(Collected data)
>>>>>
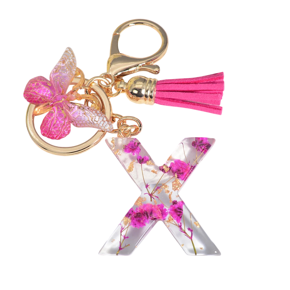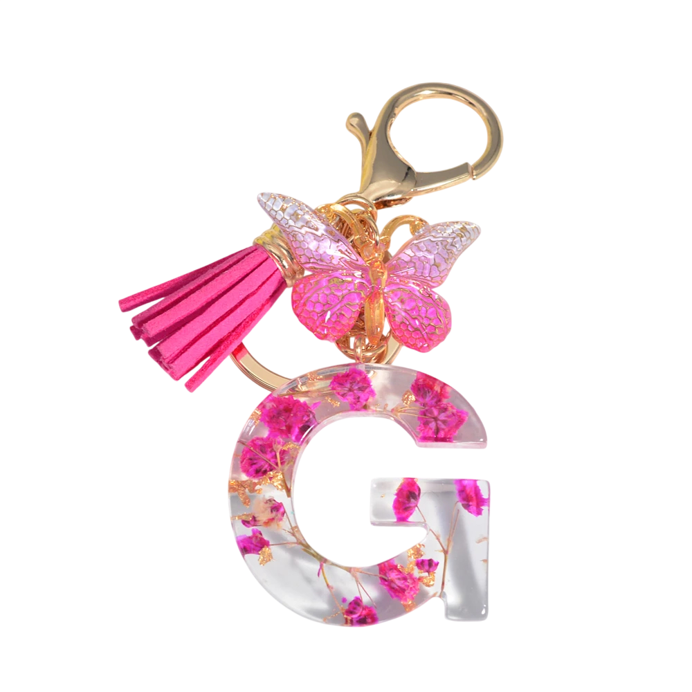 Eleganter Schlüsselanhänger aus Harz mit floralem Motiv und Initialen belebt Schlüssel und Handtasche und erfreut als persönliches Geschenk. Vollständige Beschreibung
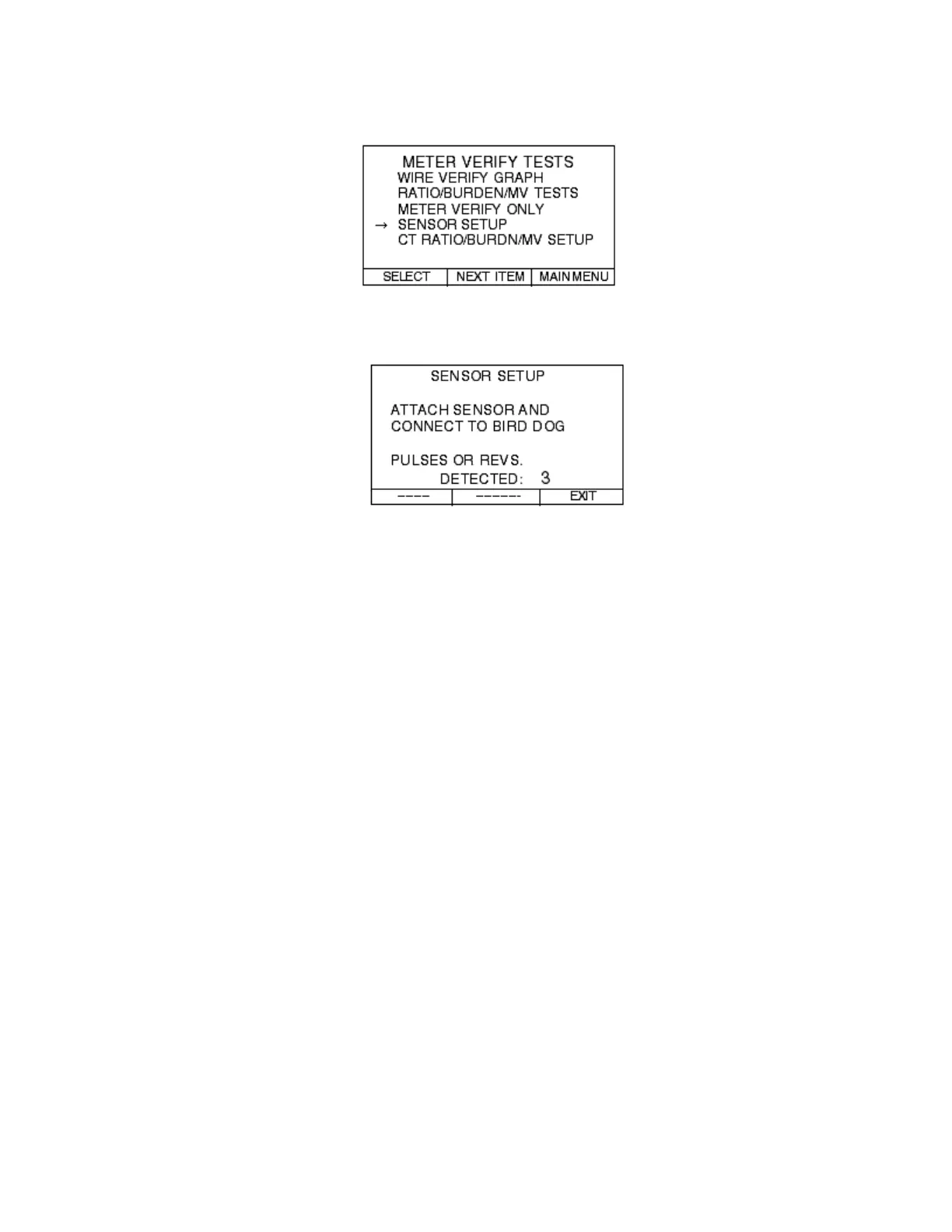 From the METER VERIFY TESTS menu move your curser down to SENSOR
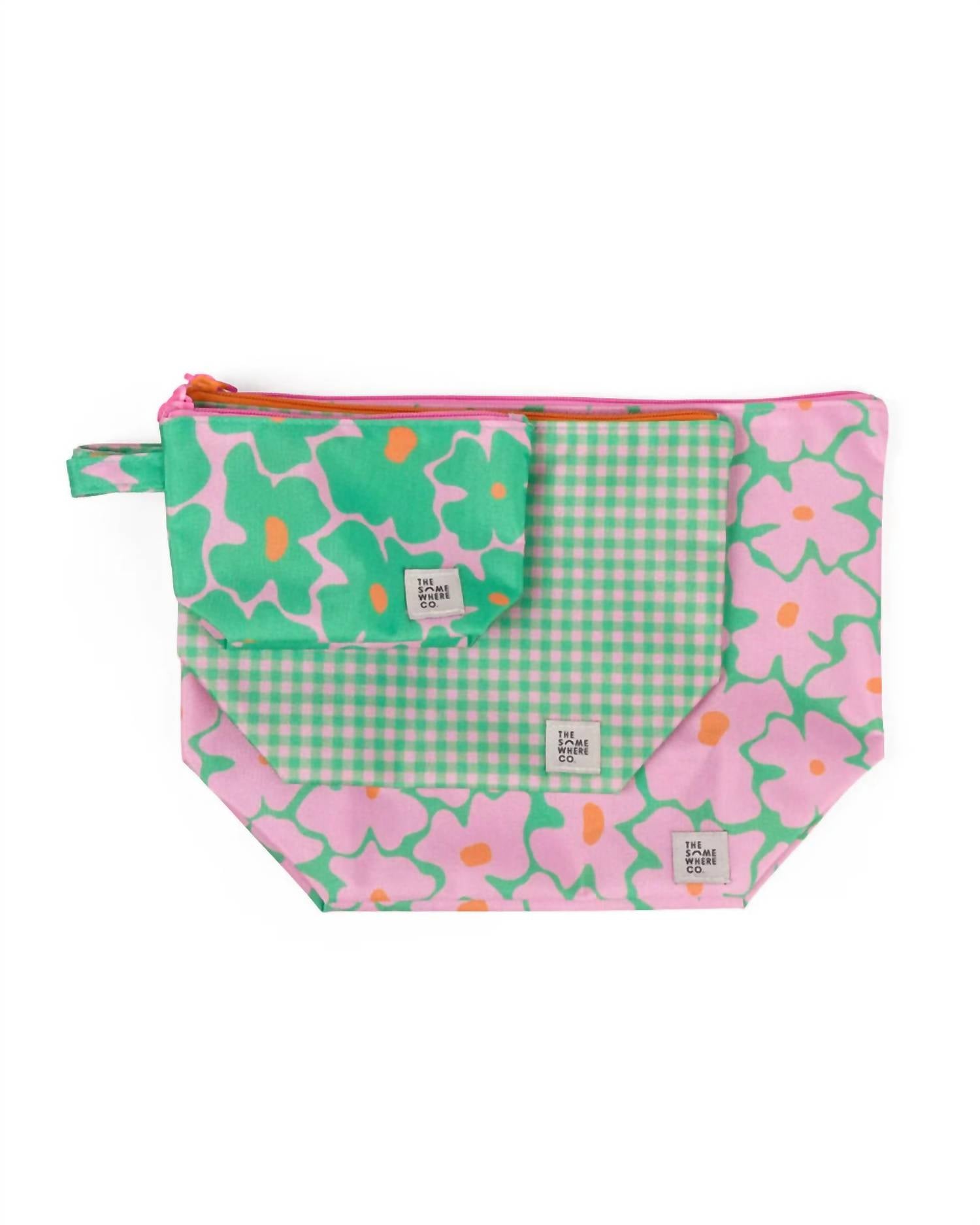 The perfect makeup bag for all your essentials. Introducing the Handy Pouch Trio by The Somewhere Co., a vibrant and practical accessory in Blossom Pink/Green designed to add fun to organization. Crafted from 100% nylon, these pouches feature a water-resistant coating and zip closures, complete with fabric hooks for convenient hanging. Dimensions are impressively varied with the large pouch at L 24cm x W 34cm x D 15cm, medium at L 18cm x W 26cm x D 11cm, and small at L 10cm x W 17cm x D 5.5cm, offering versatile storage options. For care, simply spot clean with a makeup wipe or detergent and rinse.
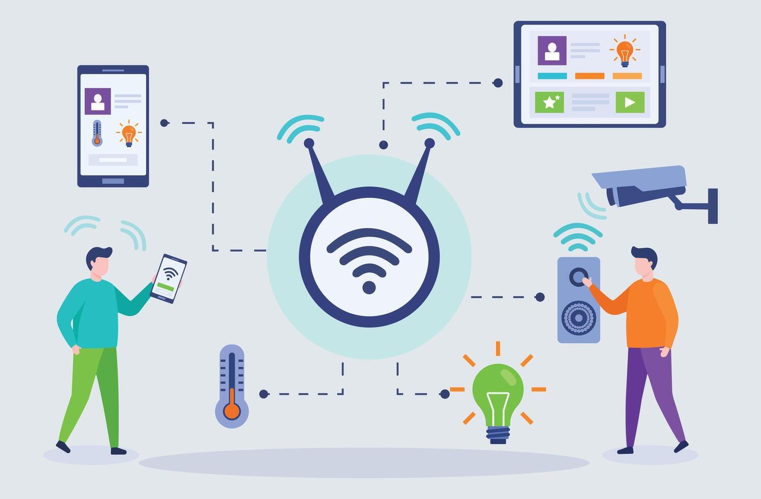 Internet of Things IoT in Smart Home Devices and Connectivity Concept Pro Vector
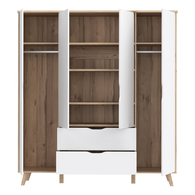 Przestronna szafa ubraniowa VANKKA o wymiarach 184,1 cm szerokości, 201,5 cm wysokości i 52,7 cm głębokości to idealne rozwiązanie dla każdego, kto ceni sobie porządek i estetykę.   Wykonana w charakterystycznym stylu kolekcji VANKKA, łączy piękny dekor dębowej deski z elegancką bielą, co nadaje jej nowoczesny i przytulny wygląd. Charakterystyczne drewniane nóżki dodają meblowi lekkości i elegancji. VANKKA łączy w sobie nowoczesny design i funkcjonalność, idealnie wpasowując się w różnorodne aranżacje wnętrz. Szafa to doskonały wybór do sypialni, garderoby, a także do biura czy przedpokoju – pasuje zarówno do mniejszych, jak i większych pomieszczeń. Wyposażona jest w drążki na wieszaki, półki oraz dwie praktyczne szuflady zapewniając dużą przestrzeń do przechowywania ubrań i akcesoriów.
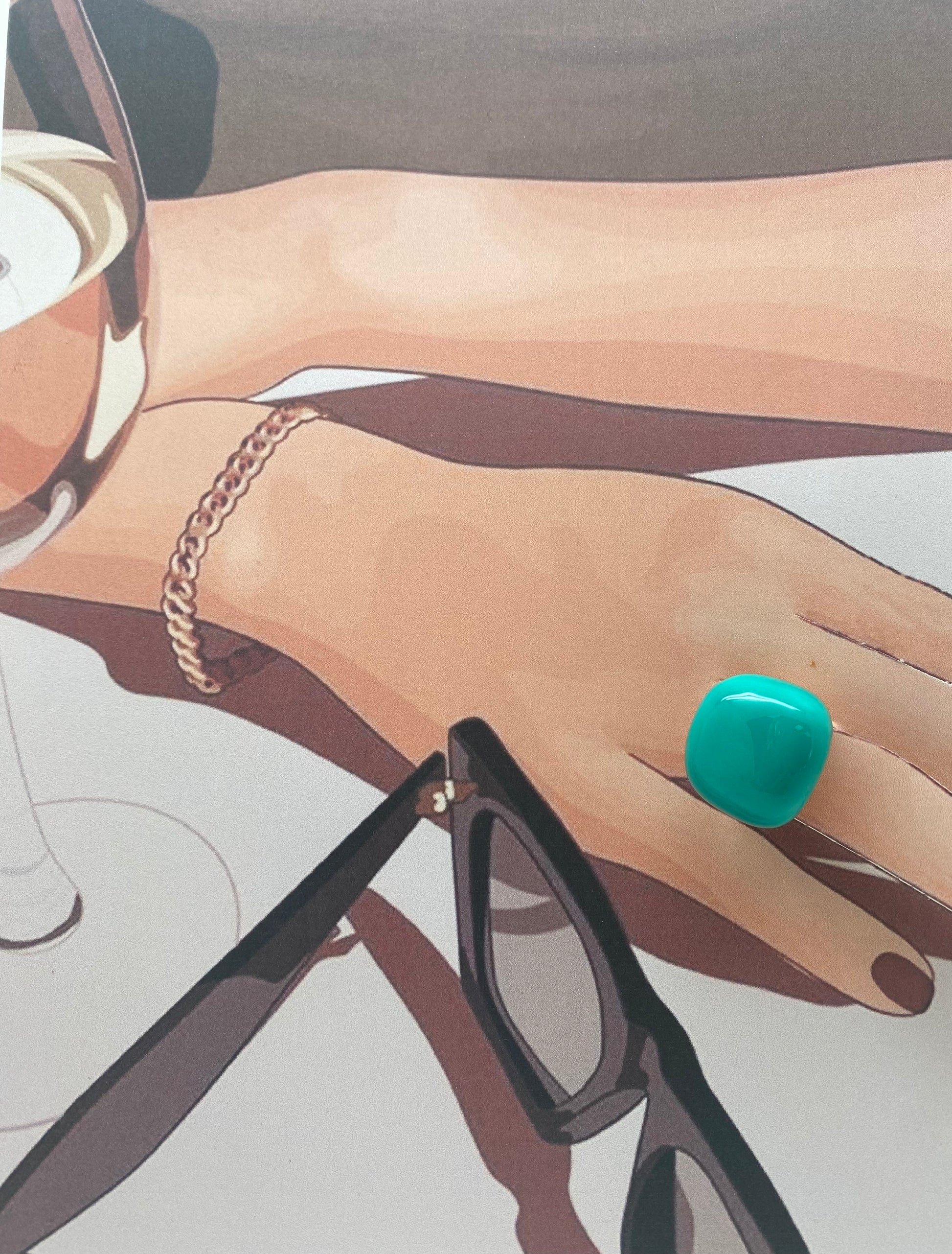 Anillo montado en aleación de metales y bañado con esmalte de color verde en la parte superior. El anillo es talla úniva ya que es elástico para que se adapte a la medida del dedo
<<<<<
ACTIVITY » Print the entries as they stand, first line through the line holding "From the METER", with every picture removed.

TASK SOLUTION »
 Eleganter Schlüsselanhänger aus Harz mit floralem Motiv und Initialen belebt Schlüssel und Handtasche und erfreut als persönliches Geschenk. Vollständige Beschreibung
 From the METER VERIFY TESTS menu move your curser down to SENSOR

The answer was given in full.